Optical waveguides have enabled the expansion of optical networks in a very short time. Naturally, this technology is advancing in order to include, for example, high power, high efficiency and/or quantum applications [1,2]. For the most demanding applications, such as squeezing in fibre networks [3] or on-chip entanglement [4], the losses of the waveguide are of critical importance. Therefore, the reliable characterisation of these losses is a critical issue.

A number of methods for loss characterization and variants of these methods exist. These methods can be categorised into a few broad schemes: cut-back methods, fluorescence/scatter imaging, resonance techniques and optical transmission measures. These various methods perform differently under given circumstances. Interferometric methods tend to have greater precision as the losses decrease and so are more suited for characterisation of low loss waveguides [5–7]. Additionally, these methods generally do not require additional processing steps because the facets’ Fresnel reflections can be used for characterisation.

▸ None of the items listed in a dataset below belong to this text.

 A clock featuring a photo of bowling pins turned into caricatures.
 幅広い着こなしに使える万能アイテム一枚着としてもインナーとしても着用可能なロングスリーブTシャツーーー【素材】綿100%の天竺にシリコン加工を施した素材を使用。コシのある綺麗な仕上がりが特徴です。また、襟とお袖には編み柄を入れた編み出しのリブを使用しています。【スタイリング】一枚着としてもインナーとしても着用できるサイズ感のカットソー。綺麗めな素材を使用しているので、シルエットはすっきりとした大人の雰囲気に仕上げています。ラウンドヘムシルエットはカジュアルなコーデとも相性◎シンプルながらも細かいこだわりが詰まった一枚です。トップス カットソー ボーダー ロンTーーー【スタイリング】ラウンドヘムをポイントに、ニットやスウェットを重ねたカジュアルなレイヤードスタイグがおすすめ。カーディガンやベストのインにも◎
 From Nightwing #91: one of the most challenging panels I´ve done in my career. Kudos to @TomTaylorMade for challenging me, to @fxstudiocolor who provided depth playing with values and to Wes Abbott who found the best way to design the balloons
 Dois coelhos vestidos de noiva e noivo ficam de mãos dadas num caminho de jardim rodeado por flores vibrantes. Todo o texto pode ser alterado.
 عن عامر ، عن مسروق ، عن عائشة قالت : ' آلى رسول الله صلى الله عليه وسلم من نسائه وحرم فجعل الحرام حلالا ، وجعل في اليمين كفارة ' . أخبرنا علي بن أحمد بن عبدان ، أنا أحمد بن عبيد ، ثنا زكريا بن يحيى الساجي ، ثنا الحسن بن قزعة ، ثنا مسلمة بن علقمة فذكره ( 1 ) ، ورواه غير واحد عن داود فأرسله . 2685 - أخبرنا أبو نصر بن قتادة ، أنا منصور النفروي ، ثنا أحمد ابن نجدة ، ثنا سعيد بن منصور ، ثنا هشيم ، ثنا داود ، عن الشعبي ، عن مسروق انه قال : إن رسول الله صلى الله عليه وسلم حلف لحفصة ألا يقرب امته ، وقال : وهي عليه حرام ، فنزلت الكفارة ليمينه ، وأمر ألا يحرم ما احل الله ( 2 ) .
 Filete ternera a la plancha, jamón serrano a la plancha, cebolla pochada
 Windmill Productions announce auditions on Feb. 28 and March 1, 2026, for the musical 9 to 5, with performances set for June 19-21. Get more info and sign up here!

Unfortunately, such resonance-based methods are generally unsuitable in waveguides that are spatially multi-mode for the probe field. This is due to the fact that it is experimentally very difficult to couple light into the waveguide such that only a single propagation-mode of the waveguide is excited. These different spatial modes have disparate dispersion properties, leading to different free spectral ranges (FSRs) for the various spatial modes. The resulting transmitted power will consist of multiple resonance conditions with unknown magnitude and phase, generally making the problem intractable. Under certain conditions the losses can still be obtained from such a measurement, but this requires the fulfillment of a number of conditions which are, in general, not satisfied [8]. Alternatively, it may also be possible to use a Fourier decomposition method [9]. Application of this method in multi-mode systems requires that the higher order spatial modes do not couple, a condition that is often met, but also requires moderately high cavity finesses. The second condition makes this method more suitable for systems with high refractive index, such as semiconductor waveguides, where the Fresnel reflection is greater, and is not directly applicable to many waveguiding platforms such as lithium niobate.

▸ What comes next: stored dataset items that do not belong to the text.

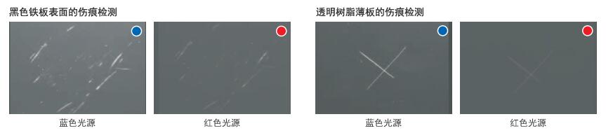 第2組圖是藍(lán)色光源和紅色光源分別對黑色鐵板和透明樹脂薄板的傷痕檢測。
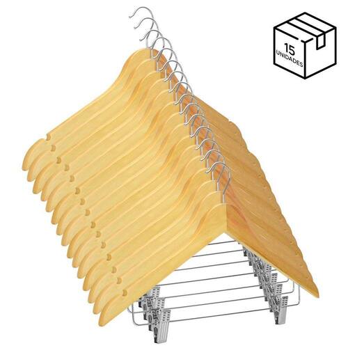 Kit 15 Cabides de Madeira com Presilhas e Gancho de Metal
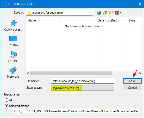 - 鍵入文件名並將該 .reg 文件保存到備份位置。
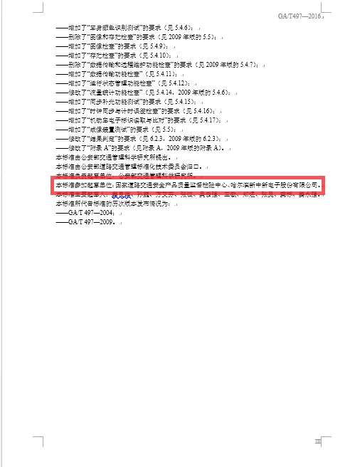 哈尔滨新中新电子股份有限公司是唯一一家参与起草《道路车辆智能监测记录系统通用技术条件》的企业。这是智能交通行业重要的标准之一,此标准发布后,将再次巩固我公司在中国智能交通领域的重要地位,对智能交通业务的发展提供强有力地支撑。
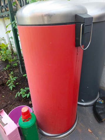 Een rode prullenbak met een metalen deksel. De prullenbak heeft een handvat aan de zijkant. De onderkant is ook van metaal.
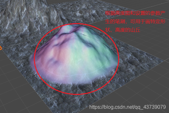 注意:在已经有地形的区域使用Stamp Height画笔,会将画笔覆盖区域的每一个像素都进行当前高度与标记高度的比较,从而确定每一个像素最终高度,而不是将整体纹理的最大高度设置为地形纹理的最大高度,例如:选择最大高度是指在标记高度和当前高度间选择较大的值
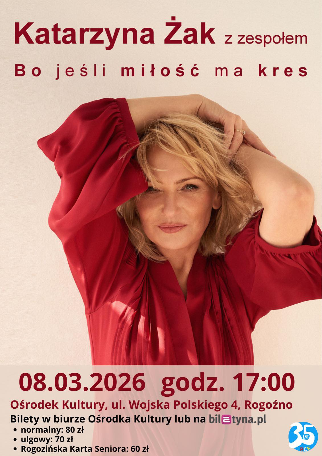Rogozińskie Centrum Kultury zaprasza na niezwykły koncert z okazji Dnia Kobiet! Już w niedzielę, 8 marca o godz. 17.00 w ośrodku kultury wystąpi - z koncertem pt. „Bo jeśli miłość ma kres” - znana i lubiana aktorka Katarzyna Żak z zespołem! Szczegóły na plakacie.
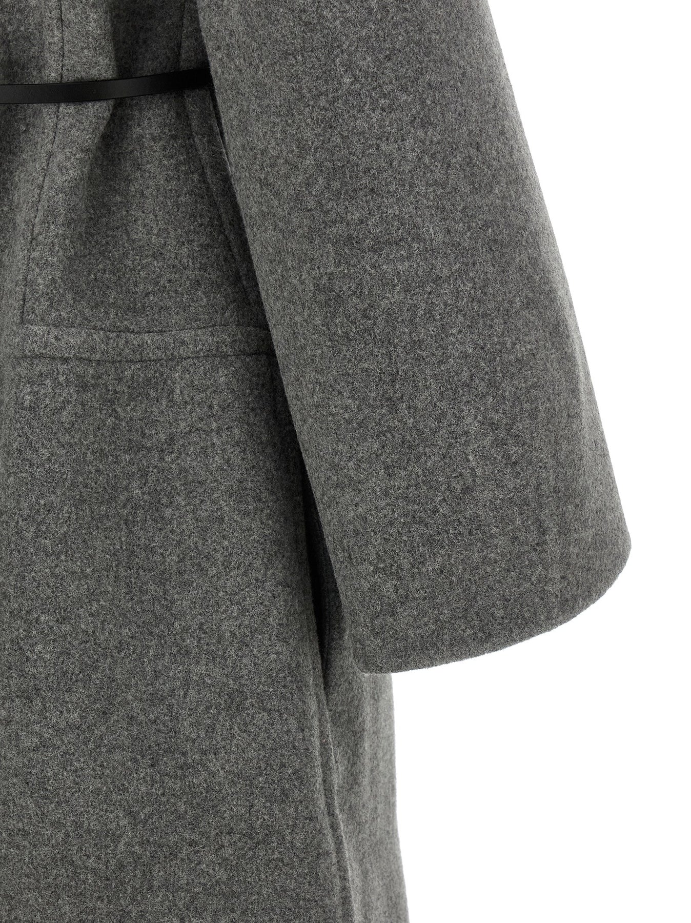 02' single-breasted structured coat in virgin wool felt with front button closure, pockets, wide long sleeves with dropped shoulders, back slit, and removable leather belt.
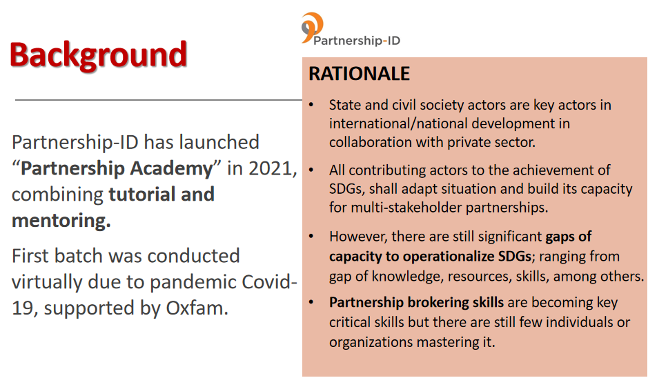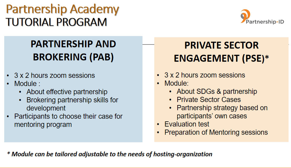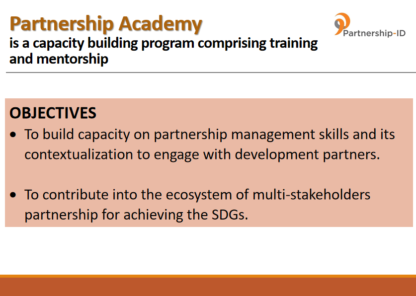 Dalam rangka meningkatkan pemahaman dan praktek-praktek brokering partnership yang profesional dan mumpuni kepada para aktor partnership di Indonesia, Partnership – ID meluncurkan program pelatihan yang komprehensif dan suportif bertitel “Partnership Academy” sejak 2021. Mengkombinasikan antara teori dan praktek serta bimbingan terstruktur yang dapat meningkatkan kompetensi dan kapasitas para partnership broker secara signifikan, pelatihan ini didisain guna memenuhi tantangan partnership yang semakin berkembang.
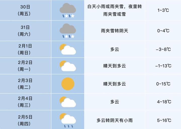 2月1日最低气温-4~-2℃
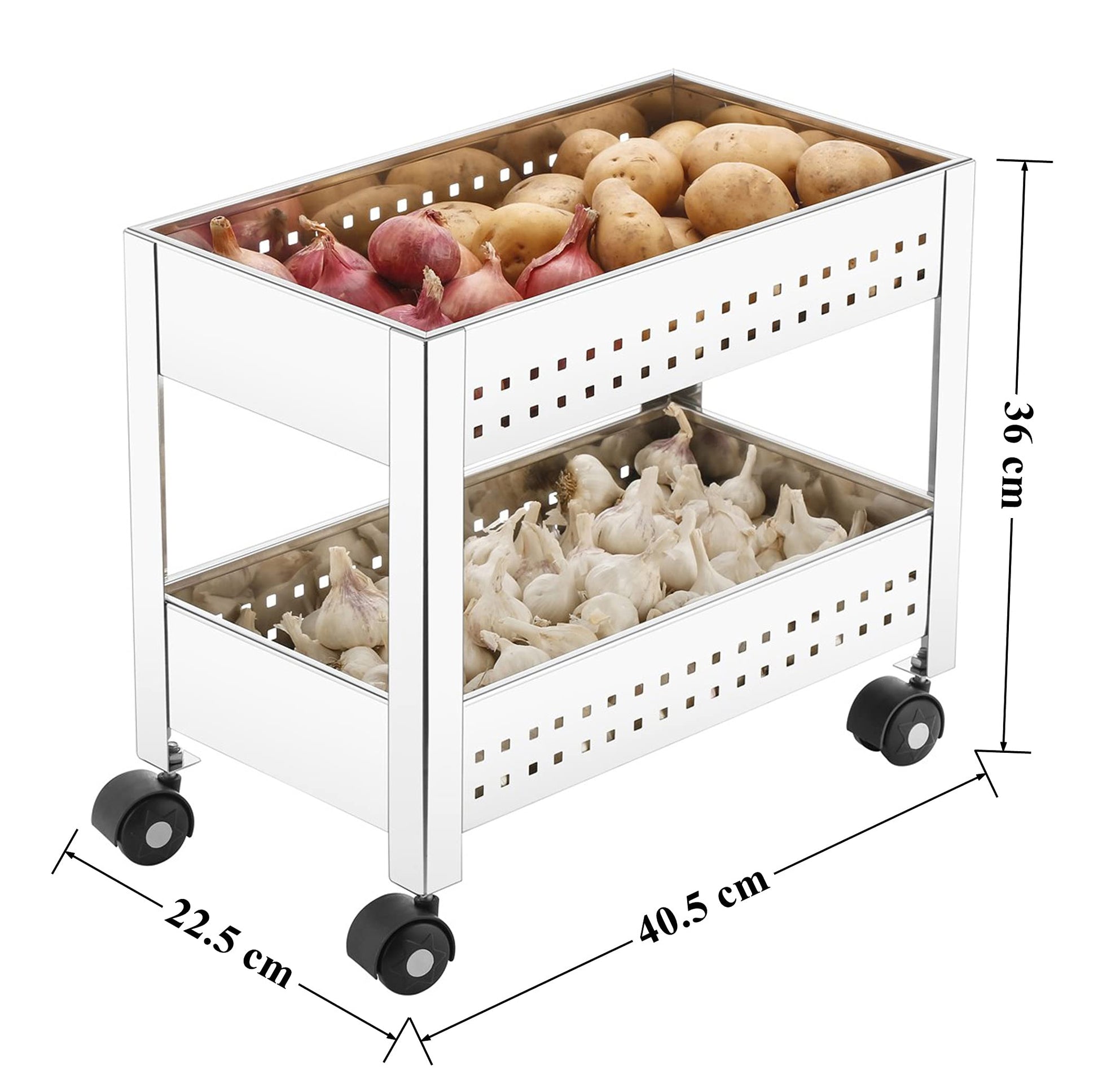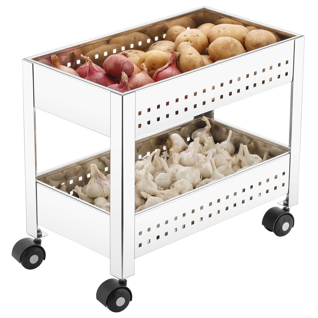 Plantex Kitchen Trolley/Vegetables Basket for Kitchen/Fruit Stand for Kitchen/Stainless Steel Vegetable Stand/Vegetable Rack for Kitchen/Trolley Stand (Silver)

For this reason, devices implementing multi-colour processes, such as difference or sum-frequency generation, typically have their losses characterised at the longest wavelength, where the waveguide is single-mode. This value is often used to estimate or bound the losses at shorter wavelengths. However, one cannot know *a priori* the exact relationship between the losses at different wavelengths. This is problematic when the losses at the shorter wavelengths are critical, for example in frequency converters that aim to produce a field close to the transparency cut-off region of a particular material [10].

Here we present a method for loss characterisation in such systems by measuring the phase matching spectrum of the second harmonic (SH) process as the pump (fundamental) wavelength is varied over the phase matching spectrum. The resulting phase matching spectrum is compared to theory in order to estimate the losses of the second harmonic field. Additionally, this method allows one to probe the second harmonic losses for any second harmonic spatial mode whose corresponding phase matching spectrum can be probed with the given pump field. The approach is quite general and can be applied to both birefringent and quasi-phase matched systems. One could extend the theory to other processes such as sum frequency generation and type II second-harmonic generation processes.

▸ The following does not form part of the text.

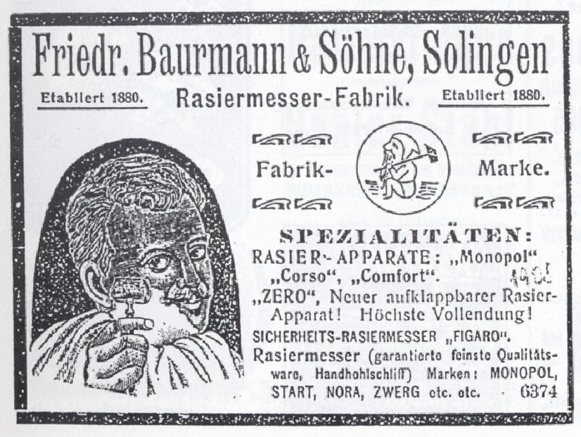 Friedr. Baurmann & Söhne, Solingen in 1914, 1920, 1922, 1925 and 1932, Beethovenstrasse 76 in 1939, Sandstrasse 27 in 1983. Торговые марки : 'Alecto', 'Ambidexter', 'Aviator', 'Baurmann', 'Carbonese', 'Clanor', 'Comfort', 'Corso', 'Ducado', 'Figaro', 'Karbono', 'Marbest', 'Monopol', 'Nora', 'Norma', 'Orchid', 'Peter Hahn', 'Raola', 'Safacto', 'Sunrise', 'Start', 'Yilin', 'Zerbo', 'Zero', Zwerg.
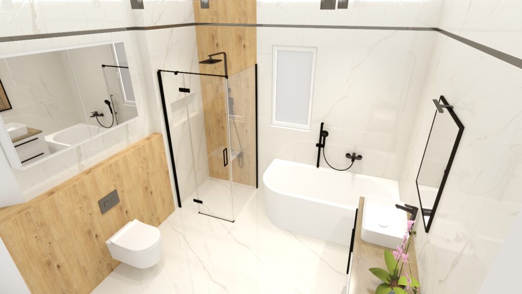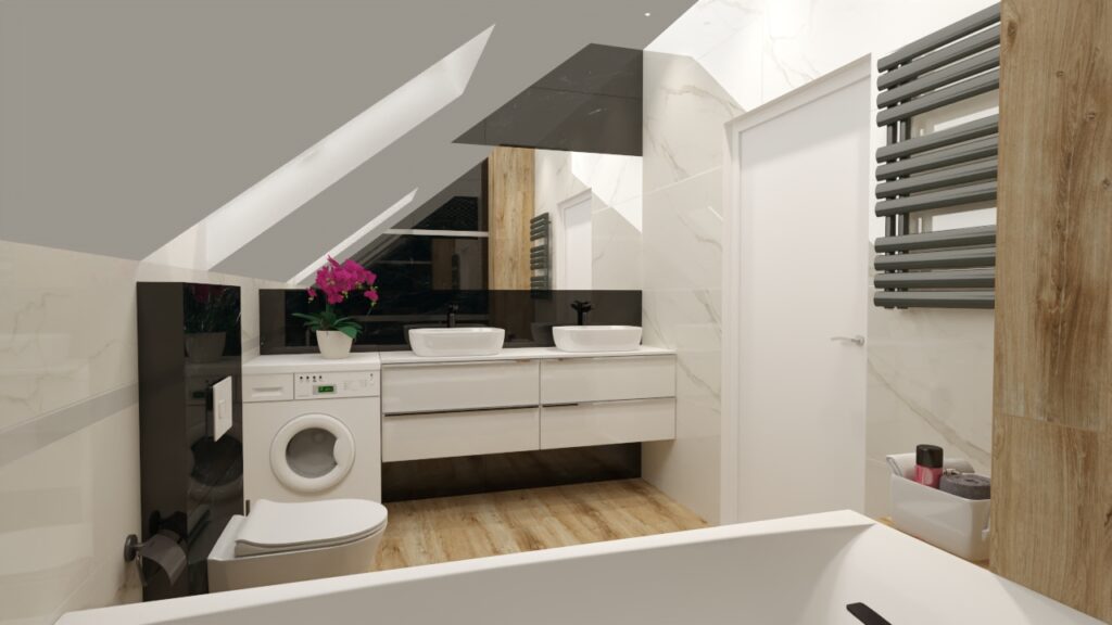 Planując aranżację łazienki, coraz częściej stawiamy na eleganckie połączenia struktur oraz kontrasty, które nadają wnętrzu charakteru. W tej propozycji przedstawiamy

## 2. Measurement strategy and theory

In the standard low-finesse Fabry-Pérot loss measurement the power transmitted through a waveguide is recorded when scanning a probe field over wavelengths where the system is single-mode [5]. Given that one knows the reflectance of the end facets to a high precision, the interference effects observed in the transmitted power can be used to determine the losses inside the resonator at the same wavelength as the probe field.

The general strategy employed in the method presented here is that, in addition to first determining the losses at the fundamental wavelength using the standard method, we also measure the interferometric fringing that one observes in the generated second harmonic field when scanning the pump over the wavelengths where phase matching occurs. One can then fit the obtained phase matching spectrum to a model of this system and gain information about the losses of the second harmonic field. A single spatial-mode for the second harmonic field is guaranteed due to the fact that the single-mode pump field is phasematched to only a single second harmonic spatial-mode over the wavelength region of interest. The unique dispersion properties of different spatial modes generally ensures that this is the case.

The system is modeled using an extension of the second harmonic generation theory presented by Berger [11]. In this method, the internal second harmonic fields are first described and thereafter solved simultaneously in order to find a self-consistent cavity solution. In order to arrive at an analytic expression it is assumed that the pump field, at the fundamental frequency, is not depleted by the nonlinear process. This assumption is trivial to establish experimentally by correctly choosing the power in the pump field. It may be possible to remove this restriction by considering a numerically based iterative approach [12]. However, this will further complicate the treatment and will not provide an analytic expression.

The circulating fundamental field *amplitude* travelling in the cavity in the forward direction $E^{f}_{\omega }(0)$ is given by the usual Fabry-Pérot resonance condition

*amplitude*travelling in the backwards direction, $E_\omega ^{b}(L) =\rho _{\omega , L} E_\omega \mathrm {e}^{ik_\omega L}$.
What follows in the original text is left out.